**Material provided**
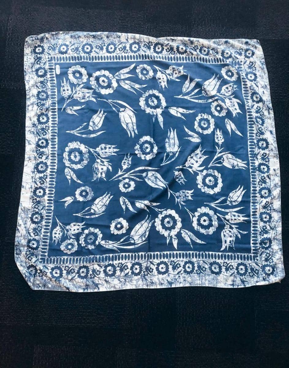 Sebelum mulai, siapkan dahulu peralatan yang dibutuhkan untuk membuat tas. Percaya nggak percaya, aku hanya memerlukan satu buah scarf persegi saja lho! Supaya menarik, aku memilih scarf dengan bahan satin yang memiliki motif floral.
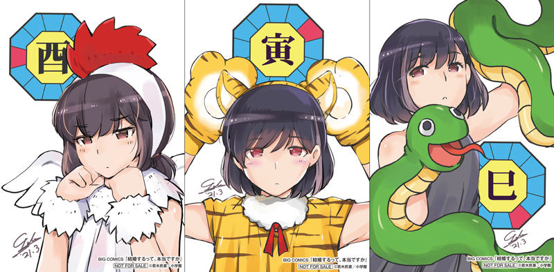 いま全国の一部書店で『結婚するって、本当ですか』を購入すると、地図好きの地味カワヒロイン・リカが動物のコスプレをしているキュートな描き下ろし特製イラストカードがもらえます。
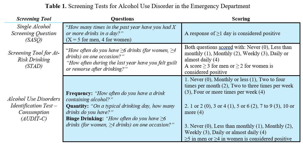 Alcohol Use Disorder: Screening Tools and Medications in the ED
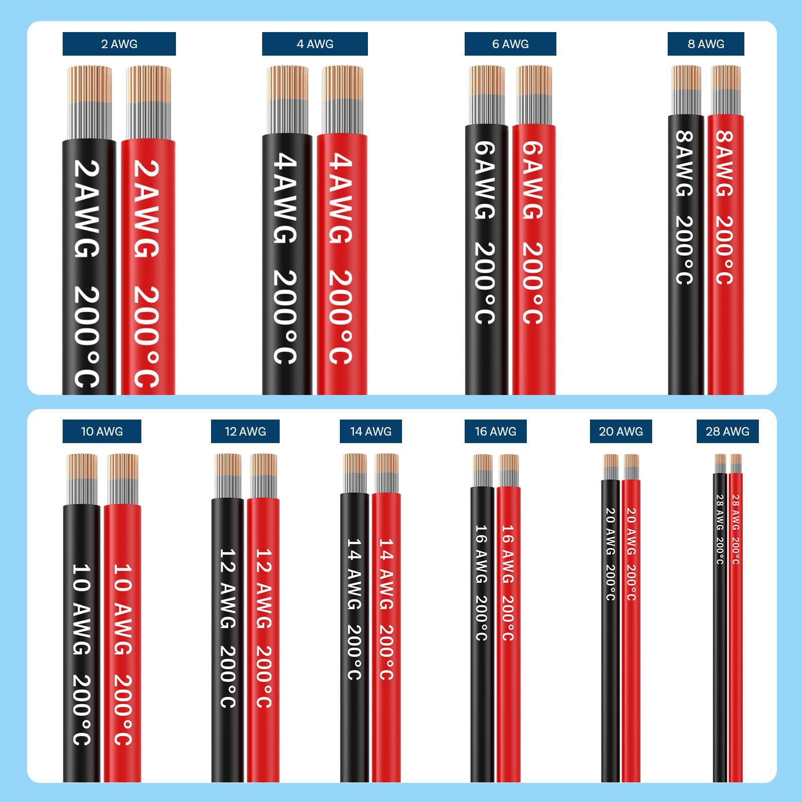 Dieses Set enthält zwei separate, hochflexible 8 AWG Silikonkabel. Sie erhalten ein 10 Meter langes rotes Kabel und ein 10 Meter langes schwarzes Kabel, also insgesamt 20 Meter.

**To do**
Write out, word for word, the lines from the start of the data through the one holding "いま全国の一部書店で『結婚す". Omit pictures.

**Solution**
 Sebelum mulai, siapkan dahulu peralatan yang dibutuhkan untuk membuat tas. Percaya nggak percaya, aku hanya memerlukan satu buah scarf persegi saja lho! Supaya menarik, aku memilih scarf dengan bahan satin yang memiliki motif floral.
 いま全国の一部書店で『結婚するって、本当ですか』を購入すると、地図好きの地味カワヒロイン・リカが動物のコスプレをしているキュートな描き下ろし特製イラストカードがもらえます。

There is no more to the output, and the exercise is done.